Он, еще прежде чем увидел униформированного гостя, так рассердился и разволновался, что совершенно забыл о Николае. Едва успев сбросить шляпу и пальто, он ворвался в приемную, поприветствовал гостя лишь кивком головы, спросил: «Ну, в чем дело, Оаку? Что привело вас ко мне?»

— Я в самом деле должен очень серьезно поговорить с господином ветеринаром.

— Вот как, — сказал Льен. И побледнел. — Тогда пройдите, пожалуйста, на несколько шагов дальше — в мой кабинет. Там, правда, пахнет лекарствами. — А почему, собственно, вы не приняли от моей жены стаканчик шнапса? Или вы теперь воздерживаетесь от спиртного?

— Нет, господин ветеринар, — ответил вахмистр, — но я пришел к вам по служебному делу. Я бы не хотел — чтобы возникла видимость… — дружба имеет свои границы, когда того требует долг.

— Вы, Оаку, на мой вкус, выражаетесь слишком торжественно, не по-человечески — в данный момент. — Вы ведь, надеюсь, не подозреваете меня —?

Льен произнес эту неуместную шутку «на пробу»; он отчетливо чувствовал, что не может совладать с волнением.

— Вовсе нет, господин ветеринар, вовсе нет. Однако то, что я собираюсь сказать вам, достаточно серьезно. Это касается вашего друга — ведь его, пожалуй, уместно так назвать — вашего друга Фон Ухри.

— Выпейте для начала стаканчик вместе со мной, — сказал Льен. Он вынул из аптечного шкафа бутылку, наполнил трясущимися руками два стакана. — Вы, надеюсь, не станете упорствовать — когда снаружи такая холодрыга. Я, во всяком случае, продрог до костей.

Они выпили.

— Господин ветеринар, надеюсь, не отнесется легкомысленно к моему сообщению. Подозрение против Фон Ухри, предполагаемого убийцы композитора Хорна, усилилось настолько, что мы сегодня опубликовали объявление о розыске.
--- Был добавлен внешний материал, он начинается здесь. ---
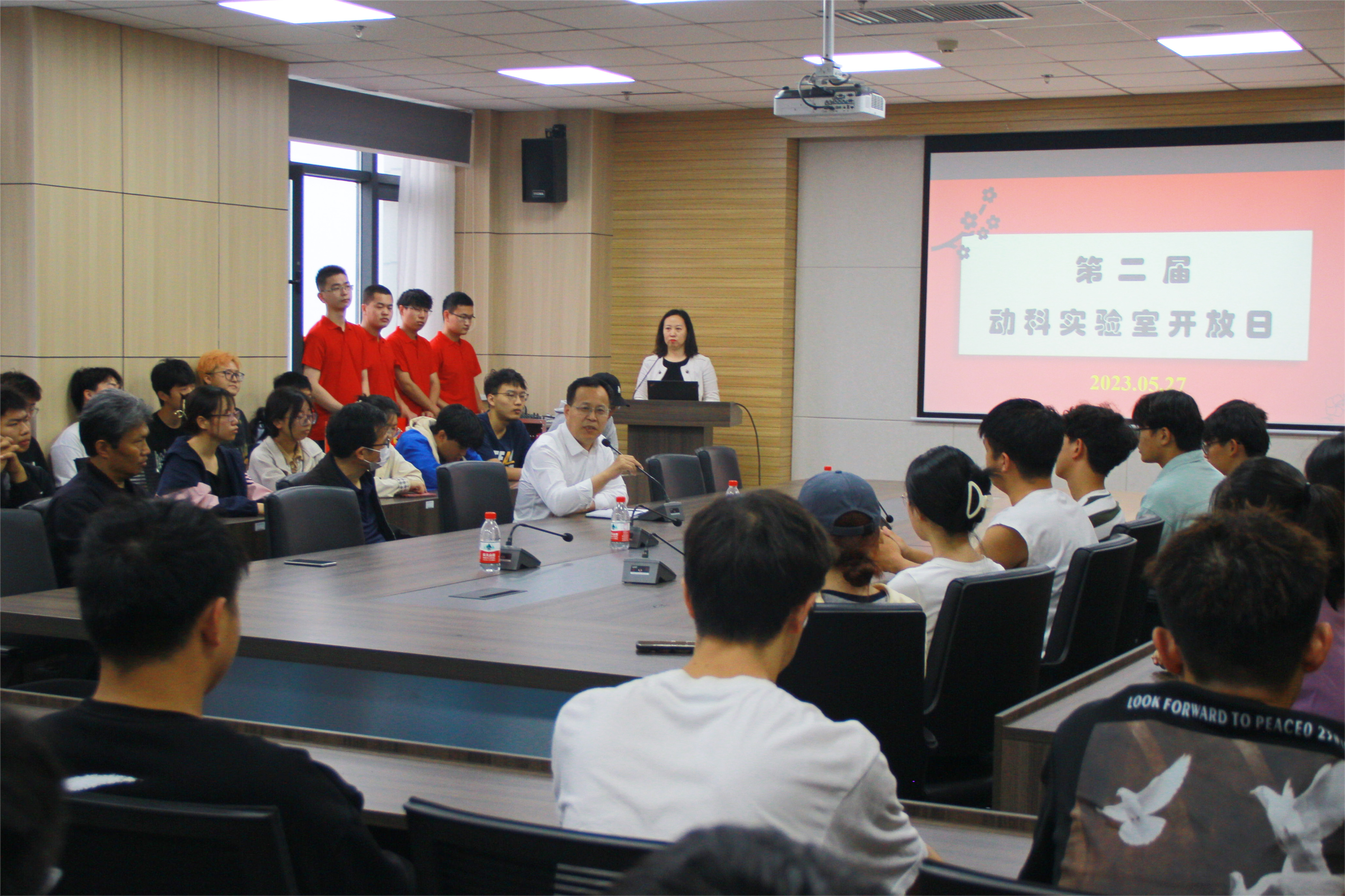 热烈欢迎同学参与此次实验室开放日活动。他指出,实验室开放日活动是老师们付出巨大努力为同学们准备的一次丰富多彩的科研体验之旅,是同学们了解专业、爱上专业的坚实桥梁,是同学们近距离触摸科研、触碰梦想的难得机会。他希望,同学们通过深入参与实验室开放日活动获得以下收获:一是寻找自己的兴趣和爱好,找到自己未来学习的方向,依托专业,找到人生的发展目标;二是通过实验室开放日活动,加强同学们跟老师们的沟通与交流,找到未来的学习伙伴和学习榜样;三是通过实验室开放日活动,发现自己未来的事业伙伴,创业的伙伴,合作的伙伴,共同努力,创造自己的美好未来。随后,动物科学系主任王金荣教授说明了此次活动举办的背景意义,并对活动流程进行了介绍。

— Это полнейшее безумие, — отчеканил Льен.

— Почему, собственно, господин ветеринар так заинтересован в том, чтобы взять этого господина Фон Ухри под защиту? Я бы даже сказал: чтобы помочь ему бежать? Он ваш друг, это мы уже поняли — и даже приняли во внимание. Но нам кажется, что такая дружба со стороны господина ветеринара как-то уж чересчур великодушна. Поскольку, по сути сводите, к пособничеству преступнику. Во всяком случае, факты таковы, что поведение господина ветеринара до сих пор в значительной мере препятствовало следствию. Господин Фон Ухри получил фору, которую нам теперь очень трудно будет наверстать.

— Я вовсе не препятствовал следствию, — возразил Льен. — Я только твердо выразил свое убеждение, что об Аяксе фон Ухри как преступнике даже речи не может быть. Я и сегодня на этом настаиваю.

— Господин ветеринар на этом настаивает вопреки всем разумным доводам. Это по меньшей мере очень странно. Я позволю себе напомнить господину ветеринару, что господин ветеринар в самом начале следствия заявил для протокола: мол, подозрение против упомянутого лица настолько абсурдно, что с тем же успехом можно было бы заподозрить самого господина ветеринара. Дескать, все попытки идти по ложному следу лишь помогут ускользнуть настоящему убийце. Господин ветеринар изволили дать столь убедительное описание будто бы безупречного характера господина Фон Ухри, что это и в самом деле привело к временному прекращению розыска в упомянутом направлении — к моему стыду и к стыду моих коллег.

— Вы и сегодня ошибаетесь, если по-прежнему питаете то же подозрение — которое рано или поздно рассеется. Я знаю Фон Ухри. Я считаю его не способным на такое злодеяние. Я могу лишь вновь и вновь повторять: следуя в этом направлении, никакого прояснения ситуации вы не добьетесь.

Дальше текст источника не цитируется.